> Entries supplied:
┌──

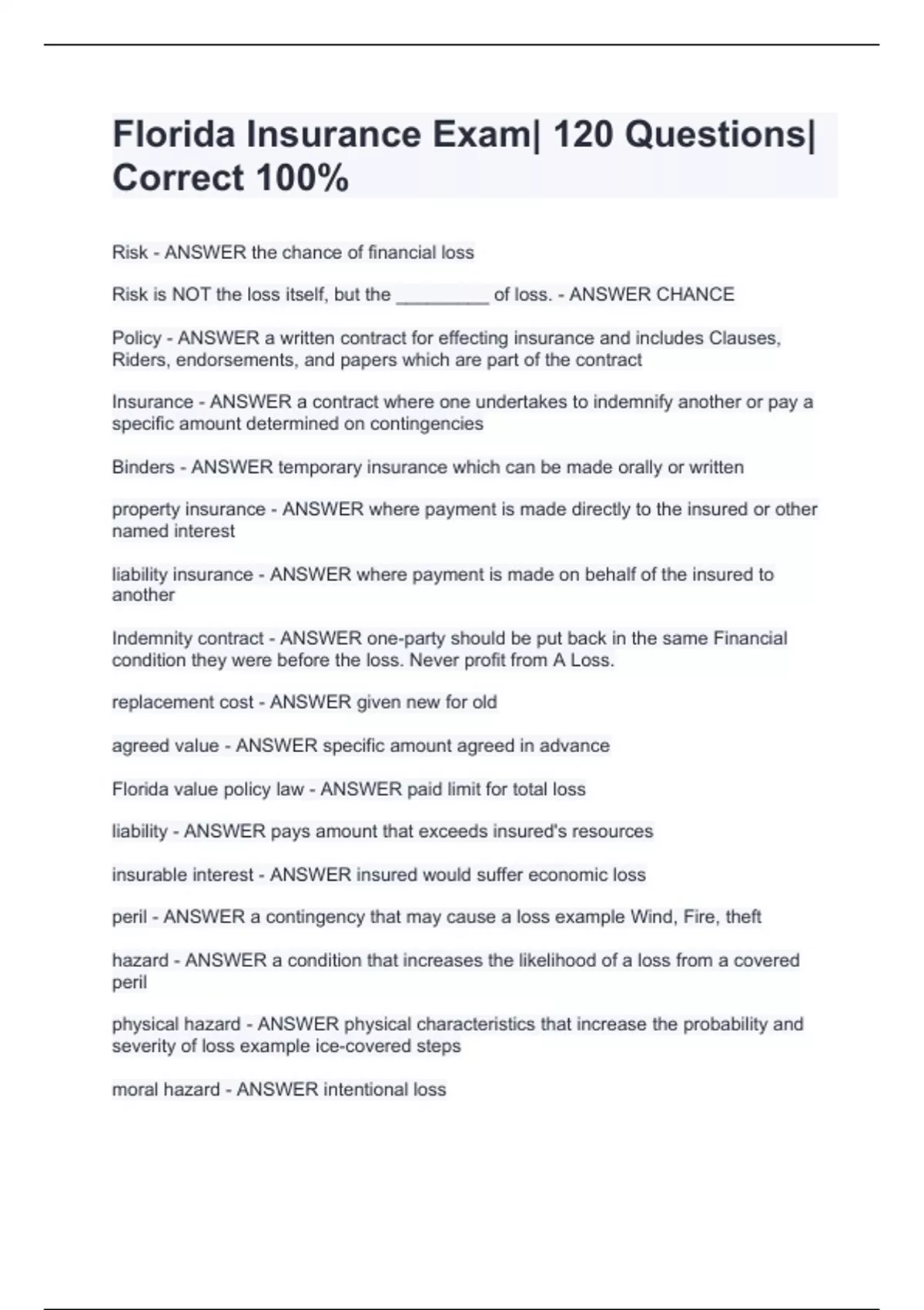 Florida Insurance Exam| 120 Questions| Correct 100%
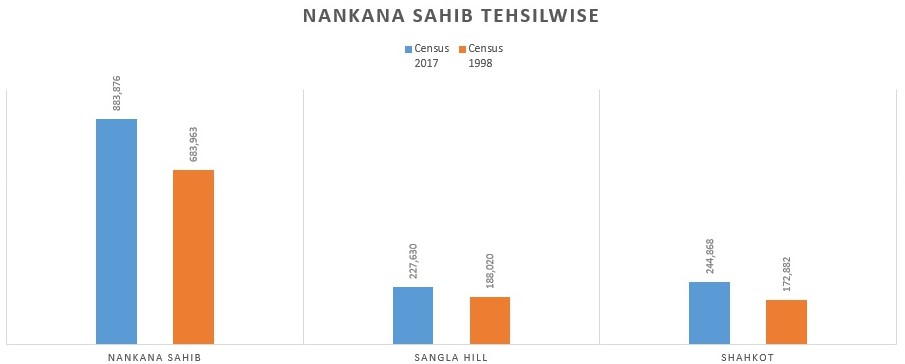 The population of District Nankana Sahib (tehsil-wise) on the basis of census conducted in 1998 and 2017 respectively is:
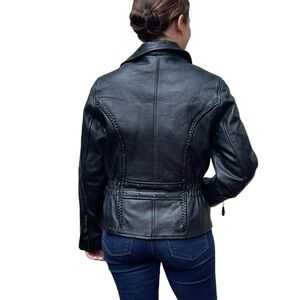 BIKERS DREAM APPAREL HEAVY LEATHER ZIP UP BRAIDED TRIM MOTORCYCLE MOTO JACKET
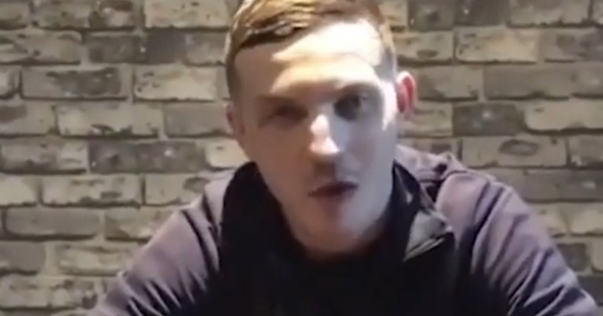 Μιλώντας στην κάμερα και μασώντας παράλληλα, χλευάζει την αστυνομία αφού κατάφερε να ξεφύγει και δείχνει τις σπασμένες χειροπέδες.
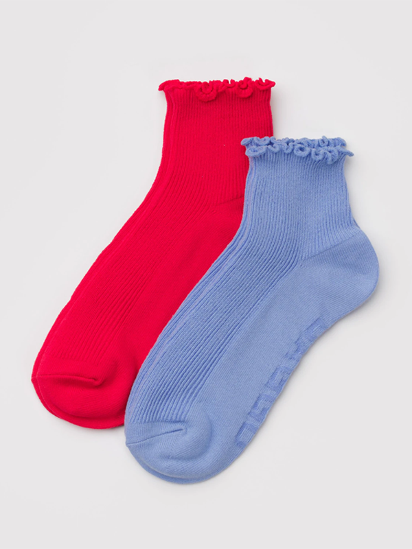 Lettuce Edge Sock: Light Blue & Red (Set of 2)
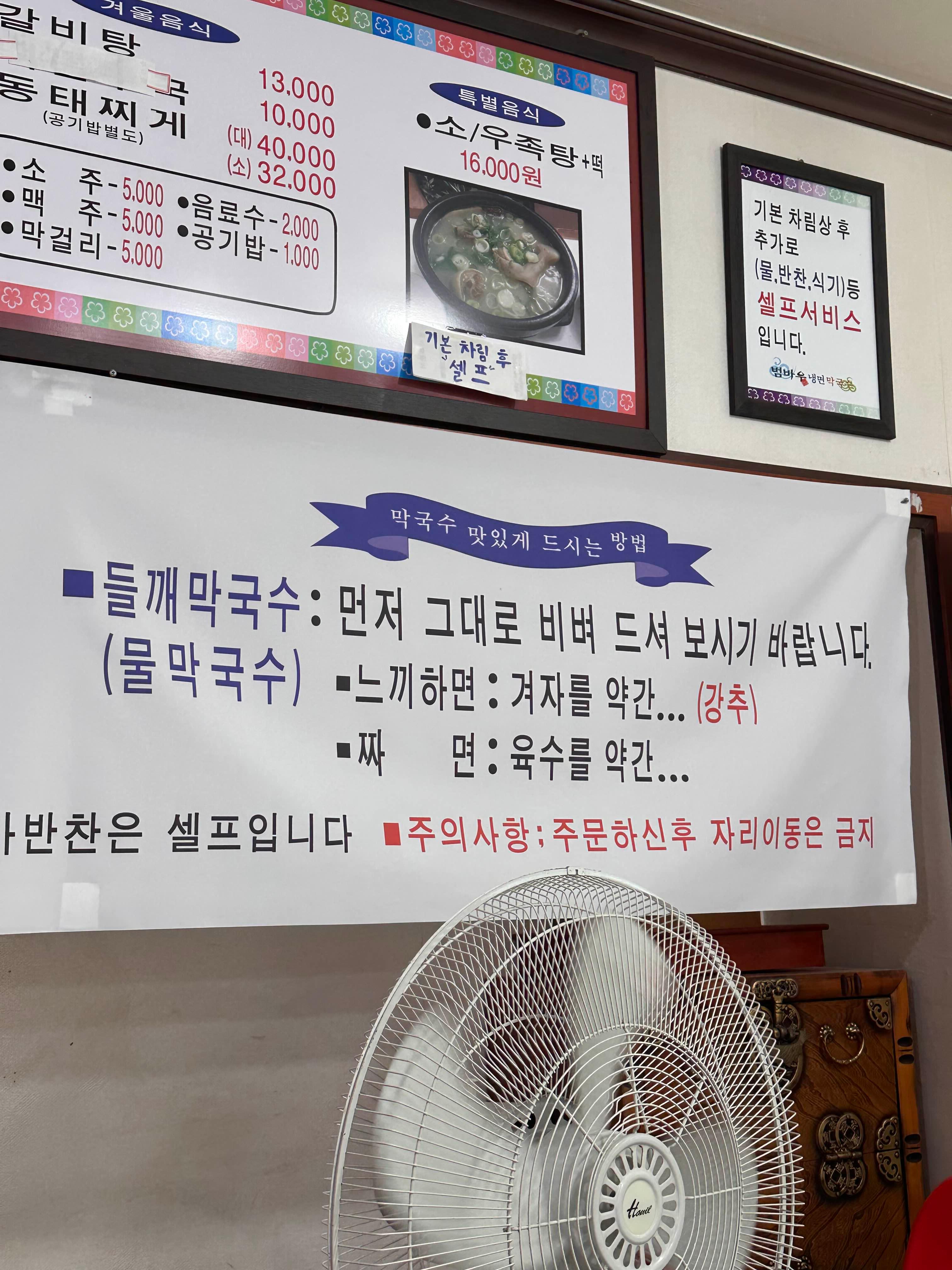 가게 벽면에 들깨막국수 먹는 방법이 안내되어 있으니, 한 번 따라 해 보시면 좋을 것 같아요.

└──

> Task statement: Your answer must consist only of the lines from the one containing "The population of" through the end of the entries, restated word for word, with no pictures.

> Answer below:
 The population of District Nankana Sahib (tehsil-wise) on the basis of census conducted in 1998 and 2017 respectively is:
 BIKERS DREAM APPAREL HEAVY LEATHER ZIP UP BRAIDED TRIM MOTORCYCLE MOTO JACKET
 Μιλώντας στην κάμερα και μασώντας παράλληλα, χλευάζει την αστυνομία αφού κατάφερε να ξεφύγει και δείχνει τις σπασμένες χειροπέδες.
 Lettuce Edge Sock: Light Blue & Red (Set of 2)
 가게 벽면에 들깨막국수 먹는 방법이 안내되어 있으니, 한 번 따라 해 보시면 좋을 것 같아요.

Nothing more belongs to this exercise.